* **TASK DIRECTIONS**: Nothing but the lines below from the one with "Lautlos die Trauerweide" through the one with "AC 即 Accommodative" should be output, each exactly as given, and no pictures.

* **EXTRACTED MATERIAL**:
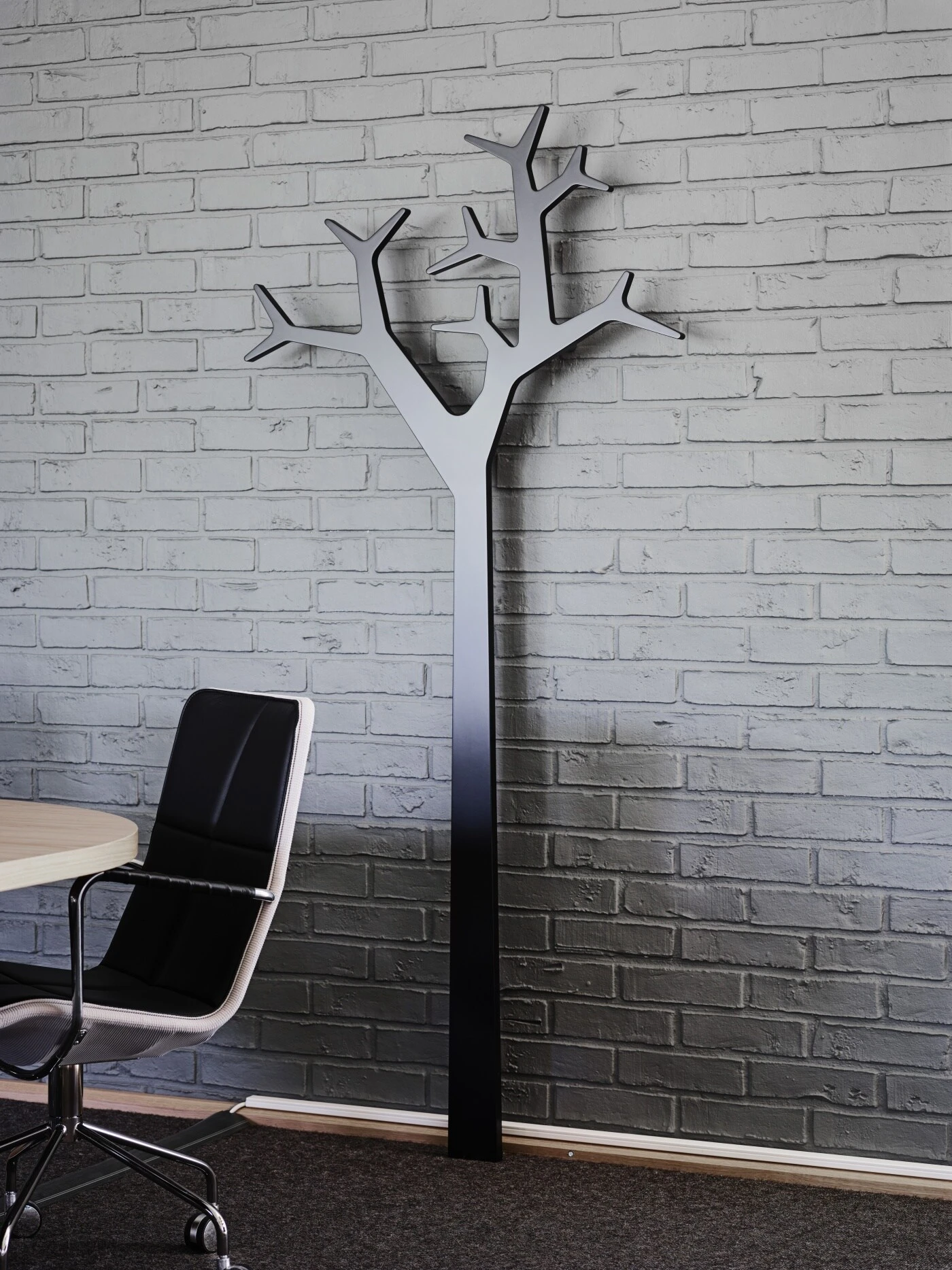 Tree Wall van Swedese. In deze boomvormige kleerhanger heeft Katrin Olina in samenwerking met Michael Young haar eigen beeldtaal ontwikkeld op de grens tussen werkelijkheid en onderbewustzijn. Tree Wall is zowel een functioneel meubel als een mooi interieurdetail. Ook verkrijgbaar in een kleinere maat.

...

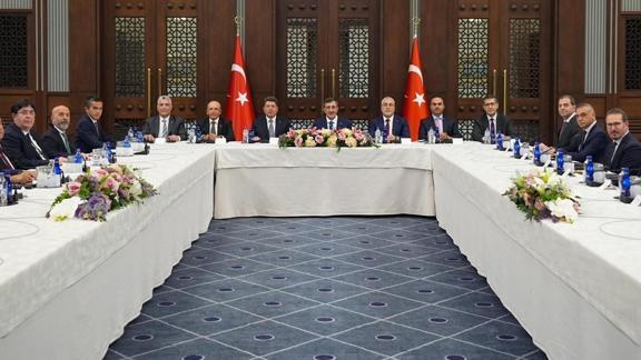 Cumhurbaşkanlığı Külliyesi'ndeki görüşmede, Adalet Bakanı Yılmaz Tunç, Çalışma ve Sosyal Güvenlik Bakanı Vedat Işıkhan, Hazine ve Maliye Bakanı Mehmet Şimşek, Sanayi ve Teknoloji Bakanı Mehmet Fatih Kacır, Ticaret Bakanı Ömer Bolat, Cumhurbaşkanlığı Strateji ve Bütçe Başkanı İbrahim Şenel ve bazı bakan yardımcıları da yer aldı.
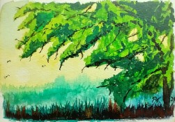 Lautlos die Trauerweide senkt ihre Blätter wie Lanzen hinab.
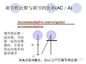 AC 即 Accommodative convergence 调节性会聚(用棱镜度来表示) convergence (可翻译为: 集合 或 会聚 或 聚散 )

* **OUTPUT OF THE EXERCISE**:
 Lautlos die Trauerweide senkt ihre Blätter wie Lanzen hinab.
 AC 即 Accommodative convergence 调节性会聚(用棱镜度来表示) convergence (可翻译为: 集合 或 会聚 或 聚散 )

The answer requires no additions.